> INPUT DATA

# # # # # # #

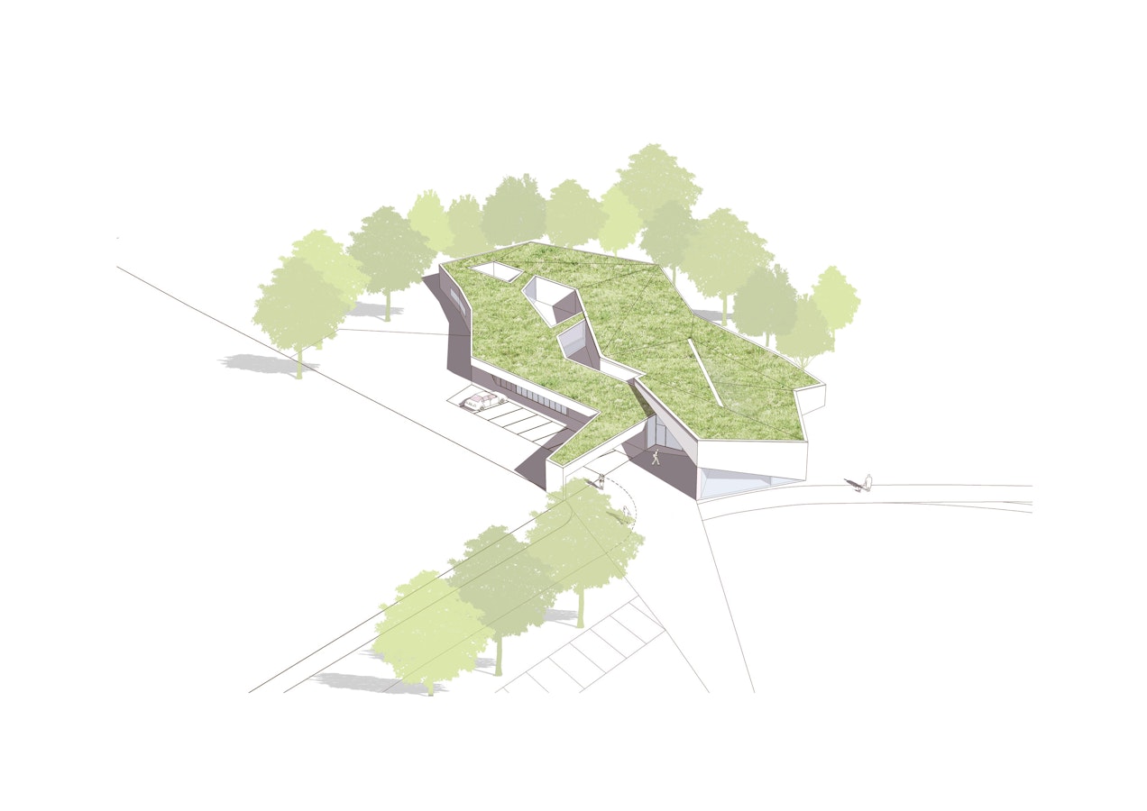 La matérialité et la forme de l’édifice reprend et domestique cette nature environnante.
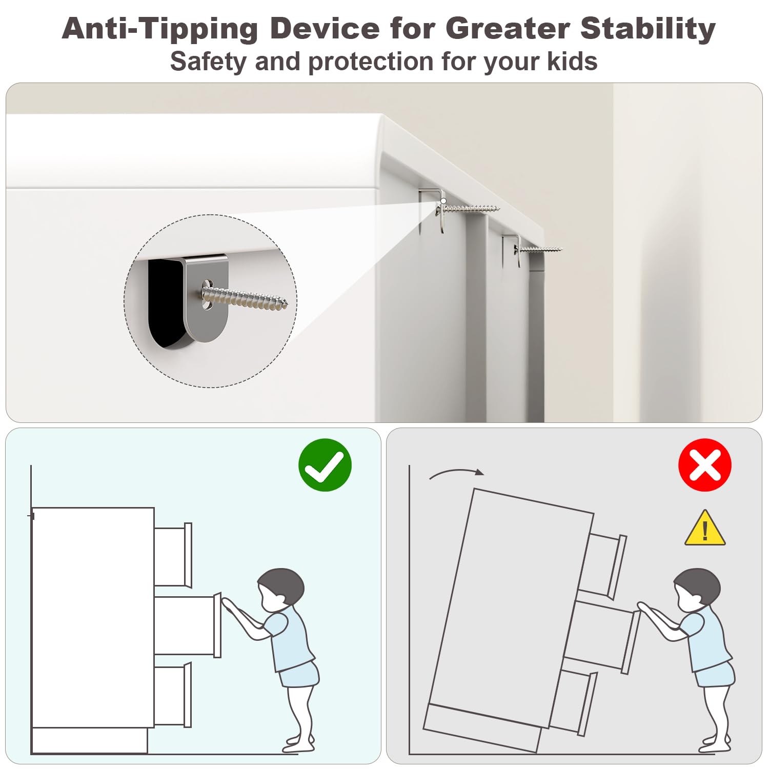 - 【Anti-Tipping Device】White dresser for bedroom there are two anti-tipping iron holes on the back (can be removed if not installed), which can stabilize the cabinet and ensure the safety of your family. at the same time, please more safety tips for your children, do not step on the drawers, do not climb the dresser!
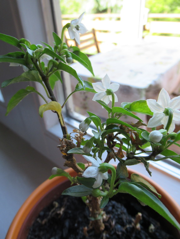 Дедушка-сосед подарил нам растение перца чилли,которое начало активно цвести. Маша с нетерпением ждет появления красных перчиков,а сам факт цветения разных овощей стал отличным поводом для разговоров на тему опыления и его видов, а так же формирования завязей.
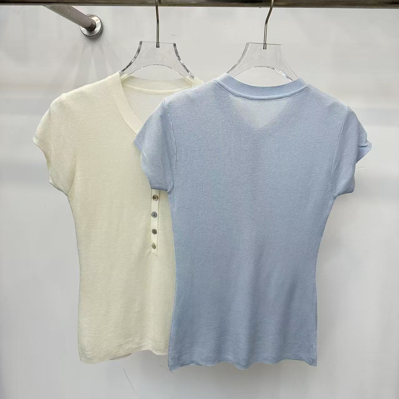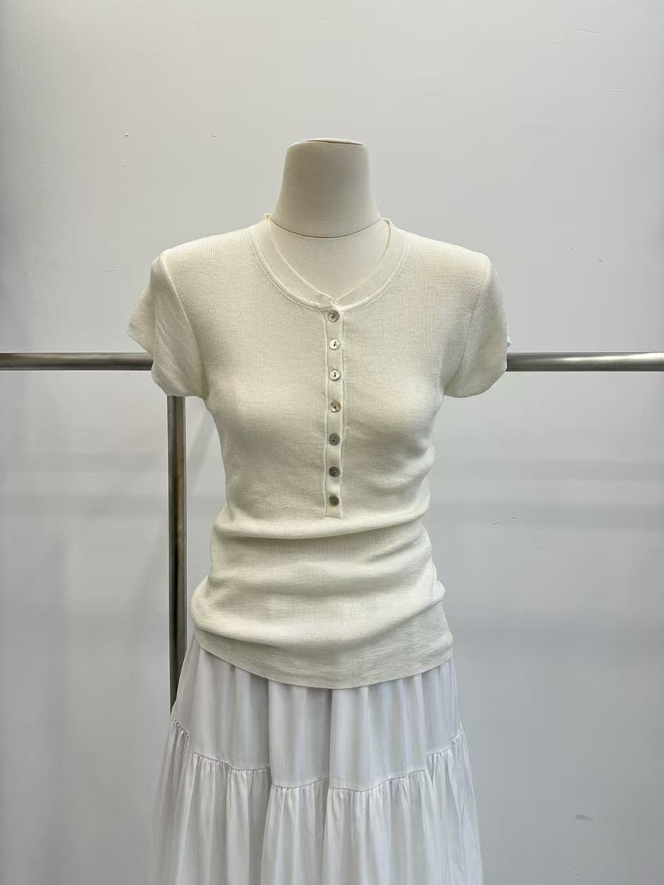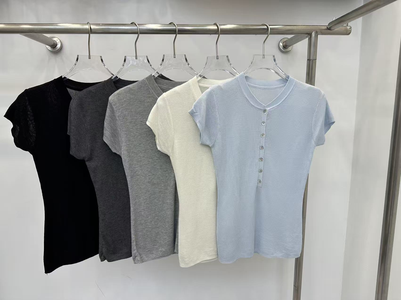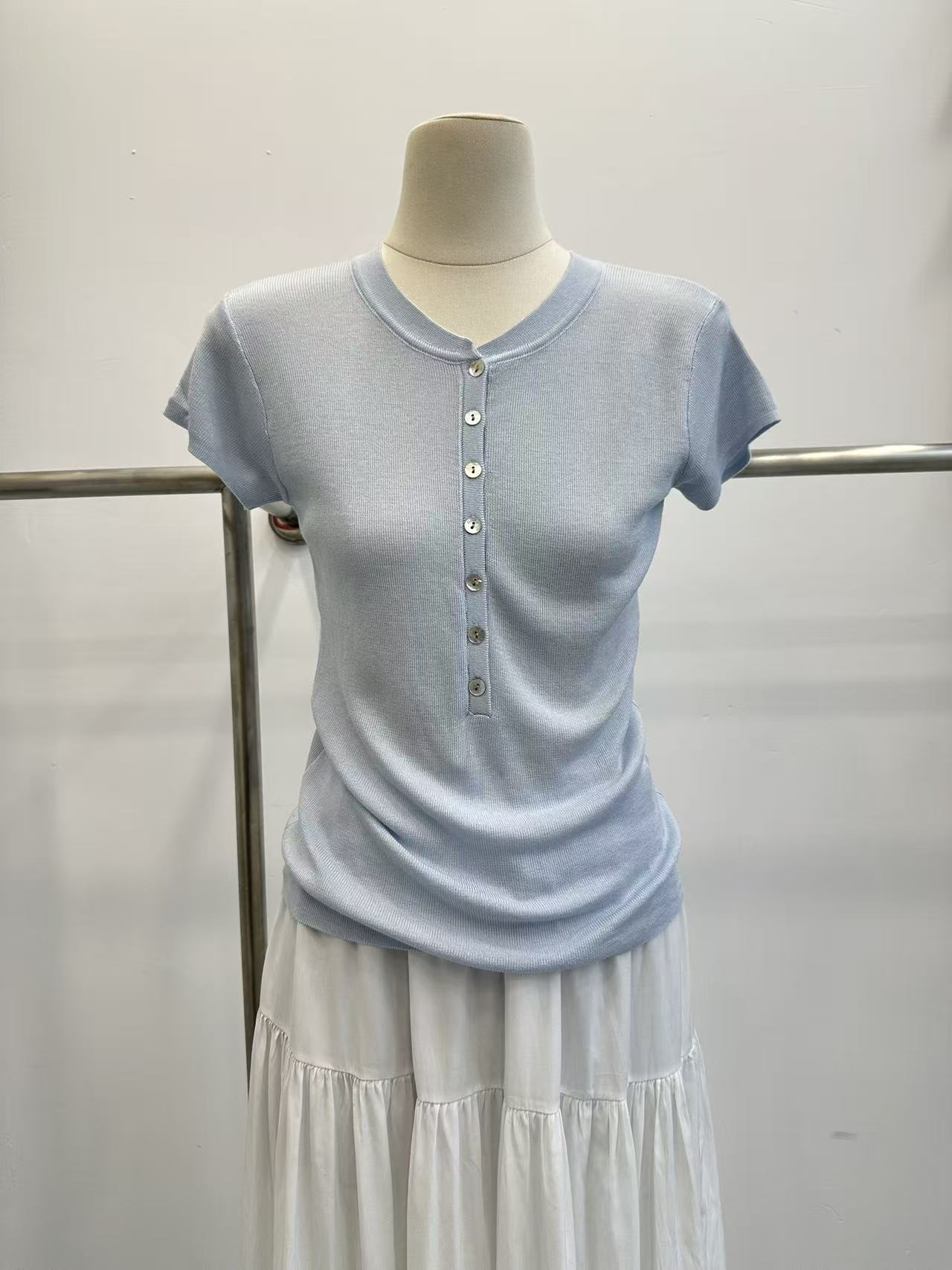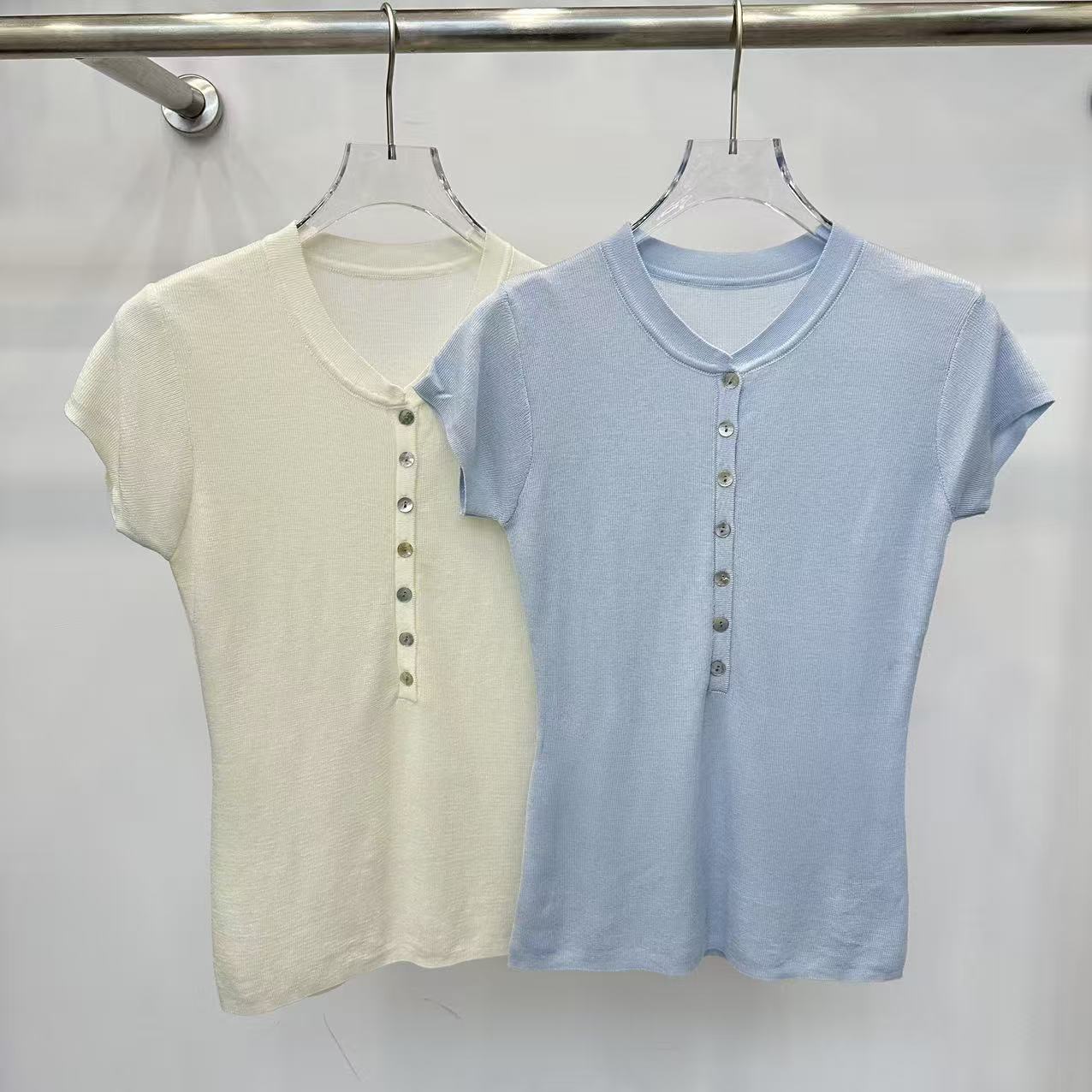 grace li 과일 과립 여름 새로운 한 스타일 미니멀리즘 라운드 넥 품격 하프 단추 몸매 가꾸기 맨위 여성 니트 스웨터

# # # # # # #

> TASK DETAILS
Without the pictures, give every line of the data again, exactly as written.

> TASK OUTPUT
 La matérialité et la forme de l’édifice reprend et domestique cette nature environnante.
 - 【Anti-Tipping Device】White dresser for bedroom there are two anti-tipping iron holes on the back (can be removed if not installed), which can stabilize the cabinet and ensure the safety of your family. at the same time, please more safety tips for your children, do not step on the drawers, do not climb the dresser!
 Дедушка-сосед подарил нам растение перца чилли,которое начало активно цвести. Маша с нетерпением ждет появления красных перчиков,а сам факт цветения разных овощей стал отличным поводом для разговоров на тему опыления и его видов, а так же формирования завязей.
 grace li 과일 과립 여름 새로운 한 스타일 미니멀리즘 라운드 넥 품격 하프 단추 몸매 가꾸기 맨위 여성 니트 스웨터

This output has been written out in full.